Reputation: 373
I defined my class Player in Python3 and now I am trying to define a method in another class that would take an object type Player as a parameter, so a code would look like that:
def change_player_activity(self, player: Player):
pass
But that gives me an error. I know that I could do a following operation:
if not isinstance(player,Player):
raise TypeError
But I am just wondering, is there any built-in way to tell Python3 to accept only the objects of given class?
Upvotes: 1
Views: 609
Reputation: 6426
Is there any built-in way to tell Python3 to accept on the objects of a given class?
No.
This doesn't exist, and wouldn't be useful anyway because Python relies on the principle of Duck Typing.
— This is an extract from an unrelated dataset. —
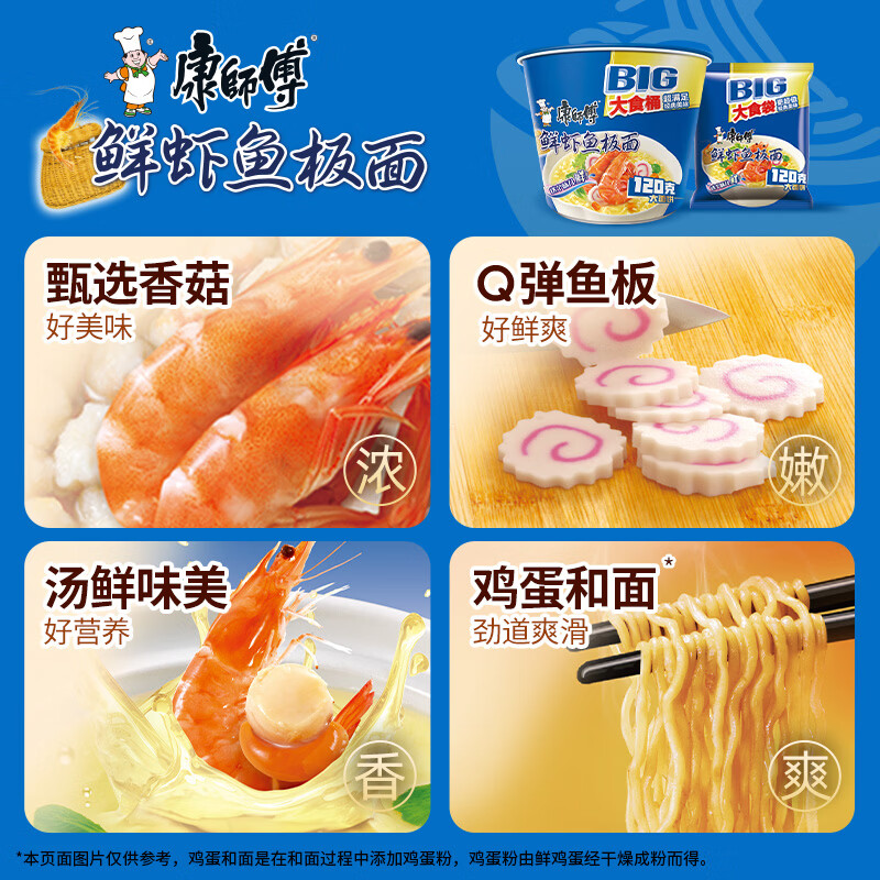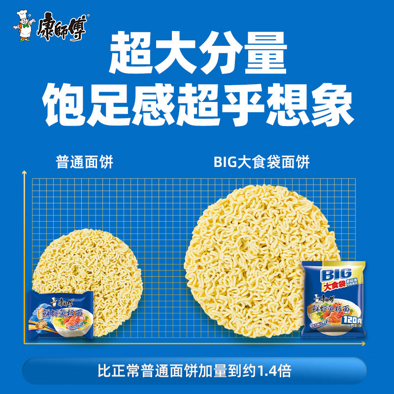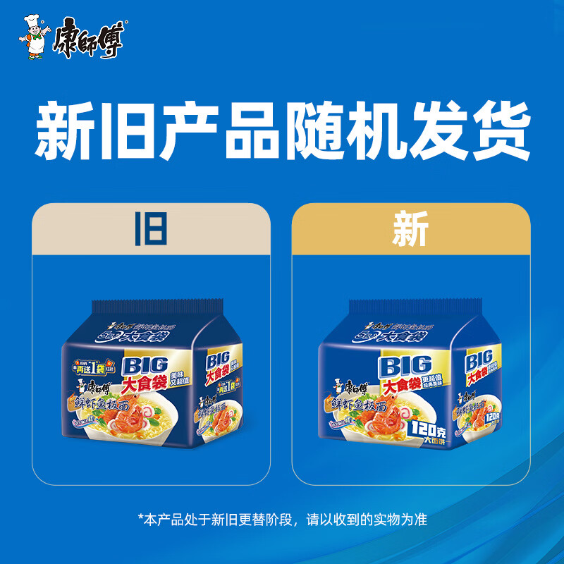 康师傅 方便面 大食袋鲜虾鱼板面五连包139g*5 泡面袋装速食 方便食品

If it looks like a Player
, and quacks like a Player
, treat it as a player. Otherwise, raise TypeError
.
You should only be raising TypeError
when you ask the object to do something that a Player
should be able to do, and it can't do that. What if somebody wants to pass an instance of their own Player
class into your function? It won't work then.
Back to your actual problem: You want to type-hint Player
before Player
is defined. The way to do this is to write "Player"
instead of Player
in the type hint:
def change_player_activity(self, player: "Player"):
pass
In __future__
(pun intended), the Python developers plan to make it not try to look up type hints straight away because this sort of thing is a pain.